____ Information provided

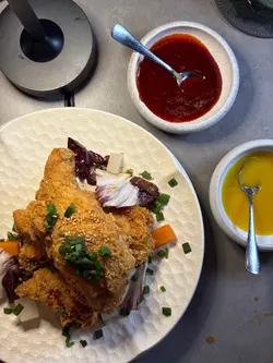 藏身圓方天台嘅半戶外空間(不過而家夏天真係有啲熱haha)餐廳紅黑藍撞色設計、霓虹燈加手繪壁畫,型格得嚟又唔失玩味🥢🍸Happy Hour (平日4-8pm)選擇多,價錢親民,連Mocktail都只係HK$70起,收工chill一chill啱晒🥂◞AI Gen 出嚟嘅嘢食圖實在太好玩啦😆😆重要唔洗錢㗎!App:RoboNeo 學習蘋果 iOS系統表情符號風格,將照片中的食物成為這種風格的 3D貼紙頭像。模仿食物種類攞盤顏色。圖中食物種類攞盤顏色保持一致。背景白底,只要完整食物,確保最終圖像看起來像iOS 表情符號貼紙◞今次食咗幾款Fusion韓菜⤵▹ 原生番茄·泡菜·布拉塔芝士泡菜嘅辣配芝士嘅creamy意外地夾,加埋紫菜脆脆有層次感✨開胃得嚟擺盤都靚靚~▹ 燴牛肋骨牛肋骨炆到入晒味,蘿蔔吸晒醬汁好啱送飯,個醬有少少似濃版galbi jjim但鹹香唔會過重▹ 辣炒年糕配大蝦帶甜辣醬汁夠惹味,蝦爽口彈牙,年糕煙韌,韓式comfort food代表🍤甜品就普通啦~ 最特別一試都係燴牛肋骨🥰🫶🏻𓐐 what we ordered: 原生番茄·泡菜·布拉塔芝士 | 168燴牛肋骨 | 428大蝦辣味炒年糕 | 268Affogato | 78Oatmilk Panna Cotta | 78Strawberry & Lychee Soda | 88White Lotus Misty 7% | 72…查看更多
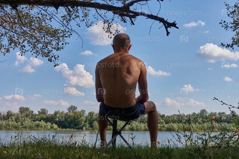 Мокрый, после купания мужчина в плавках сидит на раскладном стуле на берегу реки и смотрит на воду. Небо в облаках
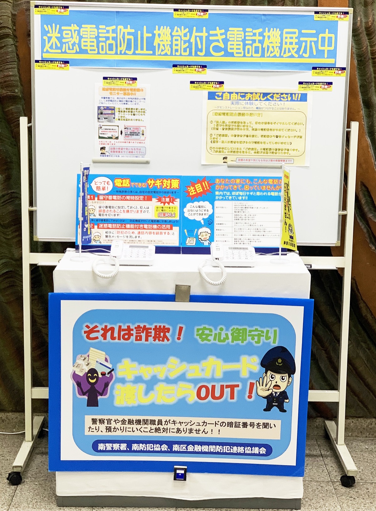 横浜市南区大岡2丁目の南警察署がこのほど、住民を区内で多発する特殊詐欺から守ろうと、「迷惑電話防止機能付き電話」を紹介した特設ブースを1階に設置した。
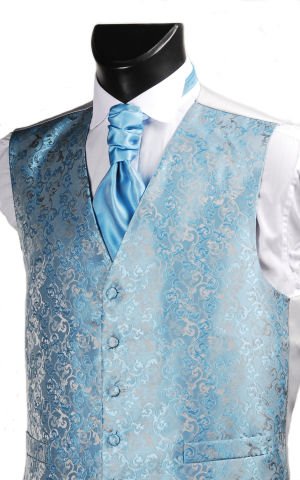A beautifully made Turquoise Floral Patterned Waistcoat. 'Fancy' or 'Patterned' Waistcoats make a wonderful addition to either a wedding or prom. Cravats and Hankies available to match, please search After Sunset on Amazon
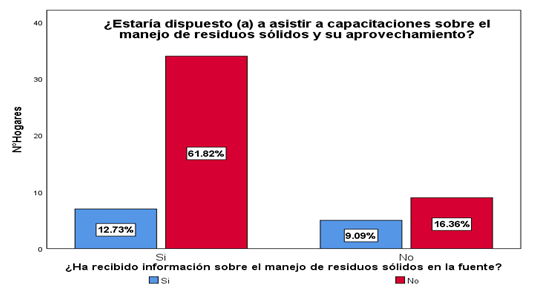 Los datos indican que 41 familias expresaron disposición para asistir a las capacitaciones, de las cuales el 12,73% (8 hogares) indicó haber recibido información sobre el manejo de residuos sólidos en la fuente, mientras que el 61,82% (33 familias) señaló no tener conocimiento previo sobre esta temática. Por otro lado, 14 familias no mostraron disposición para participar en el proceso de educación ambiental; entre ellas, un 9,09% (9 hogares) afirmó haber recibido información, y el 16,36% (5 unidades familiares) indicaron no haber sido capacitadas.
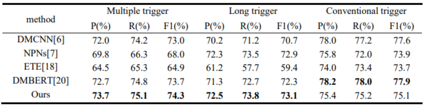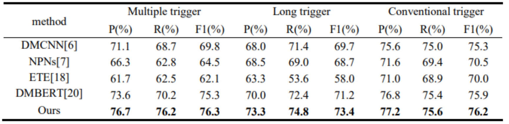 表1和表2显示,本文提出的触发词抽取算法在EEPCD数据集和ACE 2005数据集上都表现良好。这是由于本文提出的抽取算法考虑了长触发词和多触发词的现象,对包含长触发词和多触发词的事件句进行了详细的分析和理解,同时利用依存句法分析工具来更好地捕捉触发词之间的关系,并最大限度地减少它们的遗漏。
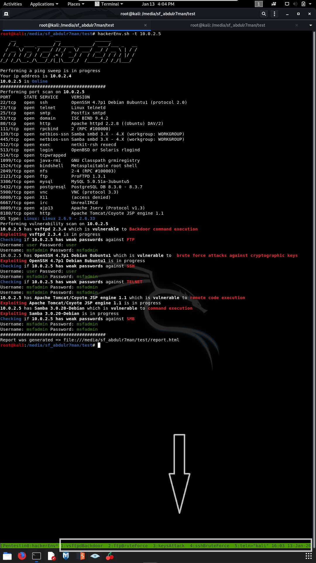 hackerEnv -oA genetrate report in HTML and DOCX format
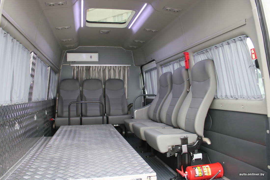 Самое логичное применение для белорусских JAC Sunray — автомобили скорой медицинской помощи. Первый опытный образец завод «МАЗ-Купава» представил еще два года назад. Сейчас существует уже доработанная версия. На фото ниже именно она.

________

The required output is the lines from the one containing "Los datos indican" through the end of the records above, reproduced exactly, with no pictures.

 Los datos indican que 41 familias expresaron disposición para asistir a las capacitaciones, de las cuales el 12,73% (8 hogares) indicó haber recibido información sobre el manejo de residuos sólidos en la fuente, mientras que el 61,82% (33 familias) señaló no tener conocimiento previo sobre esta temática. Por otro lado, 14 familias no mostraron disposición para participar en el proceso de educación ambiental; entre ellas, un 9,09% (9 hogares) afirmó haber recibido información, y el 16,36% (5 unidades familiares) indicaron no haber sido capacitadas.
 表1和表2显示,本文提出的触发词抽取算法在EEPCD数据集和ACE 2005数据集上都表现良好。这是由于本文提出的抽取算法考虑了长触发词和多触发词的现象,对包含长触发词和多触发词的事件句进行了详细的分析和理解,同时利用依存句法分析工具来更好地捕捉触发词之间的关系,并最大限度地减少它们的遗漏。
 hackerEnv -oA genetrate report in HTML and DOCX format
 Самое логичное применение для белорусских JAC Sunray — автомобили скорой медицинской помощи. Первый опытный образец завод «МАЗ-Купава» представил еще два года назад. Сейчас существует уже доработанная версия. На фото ниже именно она.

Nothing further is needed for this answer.